The lexicon is a rather small list of words (around 3000 entries) that are highly domain-dependent and have important semantics for the domain; for each of the words a PATR feature structure is supplied in the lexicon. We refer to Section 3 for a discussion on typical feature structures used for representing domain semantics.

2.5 Implementation Report

Currently modules PROPER, ERROR and MORPH/LEX are available. PROPER and MORPH/LEX have been developed and ERROR has been adapted from the source code based on Vosse (1994). The other modules DATE, TIME and NUMBER are still under construction.

3. PARSING

As was explained in the previous section the output of MAF is a wordgraph i.e. a compact structure representing a number of alternative 'readings' of the token sequence typed by the user. For the next module, PARS, each of these readings corresponds to a sequence of pairs (rd,m), in which rd is a 3-tuple (fstruct, index1, index2), in which fstruct is a (complex) feature structure. This feature structure belongs to a word or a sequence of words recognised by MAF in the input token sequence ( for instance: 'van het Hek', or 'veertien', or 'opera'). Here, index1 and index2 are numbers indicating the position of the word or words in the input sequence. The second component m of the pair (rd,m) is a number indicating how good the word or word sequence rd refers to, matches the token sequence.

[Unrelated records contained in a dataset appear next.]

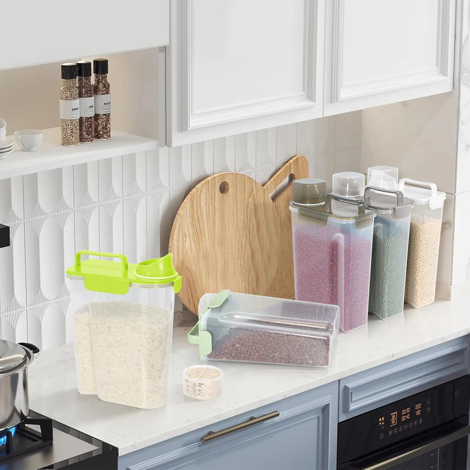 - MULTI-PUrRPOSE STORAGE:Our pet food container is suitable for storing dog food、cat food、bird seed、fish food、rice、 dry food、cereals、oats、cat litter 、flour and other large and small grains, as well as washing powder used at home. It is also a good choice.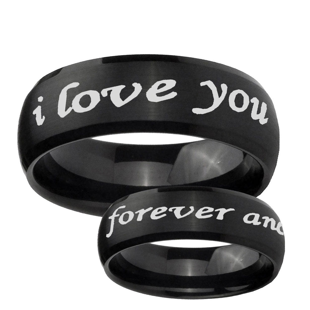 Intruding 5, 8mm I Love You Forever and ever Dome Brush Black Tungsten Mens Ring Personalized . Offer in both 5mm and 8mm band width brush black plated finished from size 4 to 14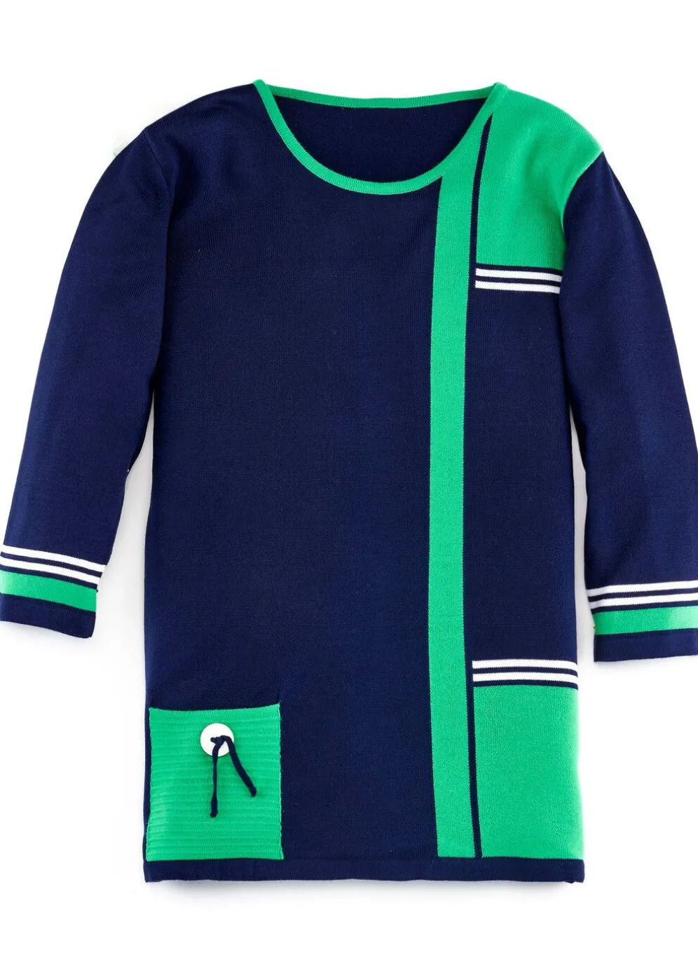 Grafischer Pullover: runder Halsausschnitt mit Kontrastabschluss, Intarsien im Vorderteil, Kontraststreifen an den Abschlüssen der 3/4-langen Ärmel, eine dekorative Tasche mit Knopf und Strickbandzier sowie Seitenschlitze.

PARS analyses each reading delivered by MAF, independently of other readings. PARS is essentially a chart parser for context-free unification grammars (cfug). For each reading it outputs (ideally) one or more alternative (in case of ambiguities) analyses of the reading. An analysis is a feature structure, representing its syntactic/semantic structure according to the grammar and the set of feature structures in the reading. The features structures in this set are initially put on the chart of the chart parser. For an overview of the (head/left-corner) chart parser for unification grammars developed in the Parlevink Research Group see Veldhuijzen van Zanten & Op den Akker (1994).

It should be remarked that parsing in the context of a natural language dialogue system should be robust. Robustness means, as far as natural language processing is concerned, filtering the relevant information from the reading. In this context we are not interested in a linguistically sound and complete grammar/parser for Dutch. The syntactic structure of a reading is only of interest as far as it reflects the semantic/pragmatic meaning of the reading. Therefore the cfug is developed on the basis of an analysis of a dialogue-corpus obtained from Wizard of Oz experiments. In particular the user/client-utterances in these dialogues have been subjected to different kinds of analyses for this purpose. These investigations gave answers to the question: how do clients communicate (in Dutch) with the theatre-information system. In particular: how do they phrase their questions, wishes ('information about musicals for children', 'are there still tickets available for this evening?', 'no, thanks'), and by what kind of phrases do they refer to things like dates ('next week', 'this evening', 'the 17th of November'), performances ('the opera of Verdi', 'the performance in which ...'), tickets ('four tickets for ...'), etc.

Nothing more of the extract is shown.